You also have some products with additives added to them, pushing up the matter’s complexity even more.
This post is helpful if you’re scratching your head on this topic. It overviews diesel, natural gas, crude oil, and the rest. As you will discover, there is some crossover between them, but they are distinct in other ways.
Crude Oil
Crude oil is a natural substance (despite the impression you might get when reading about it in articles online). It took millions of years to form in the ground through the accumulation of algae on the seafloor in a sedimentation process.
Over geological time, this sediment got caught under silt and layers of rocks, leading to increased pressure and heating, changing the chemical composition. Eventually, this process led to the formation of various hydrocarbons, which civilization uses today as fuels.
Because of this, many people refer to crude oil as “full-spectrum” because it possesses all types of fossil fuel products that arise in liquid form. Various molecules in the substance, including naphthenes, have long chains of carbon atoms, while others have shorter chains, called paraffins, for light applications.
Crude oil isn’t refined (which is something that many people new to the industry imagine). Instead, it is more like a soup with other chemical constituents. Refiners must remove these to extract the juicy hydrocarbons they want to power modern industrial civilization.
However, these additional substances aren’t automatically a net negative. Oxygen, sulfur, benzene, and nitrogen are helpful in various industrial processes, making them valuable.
Going back through time, you can find crude oil referred to as “sweet,” “light”, “sour,” and “heavy.” These terms crop up all over the place, especially in industry articles.

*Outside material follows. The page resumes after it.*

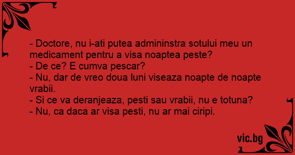 - Doctore, nu i-ati putea admininstra sotului meu un medicament pentru a visa noaptea peste?

Sweet refers to the sulfur content of the crude. The “sweeter” it is, the less sulfur it contains. To get a crude classified as officially sweet, it needs less than 0.5% sweet by volume. People started using this moniker literally because of how the gas smelled. Sweet crude had a better aroma for busy workers’ nostrils (simply because of the foul-smelling nature of high-sulfur oil, called “sour.”)
Light crude oils, by contrast, are those that are more straightforward to refine. These contain less of the heaviest hydrocarbons which are so problematic (and tend to settle more on the bottom of fractionating towers).
Natural Gas
The other significant difference between gas and oil is that the former is mostly methane (one carbon and four hydrogen atoms). In contrast, the latter contains many heavier hydrocarbon elements that emerge from the ground in liquid form.
Most natural gas remains gaseous after extraction. The heavier gases propane and butane will separate from the material and form liquids once brought to the surface. (High underground temperatures keep them in gas form).
Like crude oil, natural gas contains nonhydrocarbon elements. These combine with the gas in the rock and underground cavities, forming a chemical soup that must be processed. Common ancillary chemicals include carbon dioxide, hydrogen, nitrogen, and noble gases, such as helium and argon. These can diminish natural gas’s ability to combust efficiently. That is, processors must remove them before sending gas through pipes to people and businesses.
Until recently, producers considered natural gas an undesirable by-product of oil production. Oil companies would drill wells and flare off the produced gas to get rid of it at the lowest cost.
During the two oil price shocks in the 1970s, the industry began to change its tune, realizing how it could put the intrinsic energy value of natural gas to work in various applications, including liquid fuels.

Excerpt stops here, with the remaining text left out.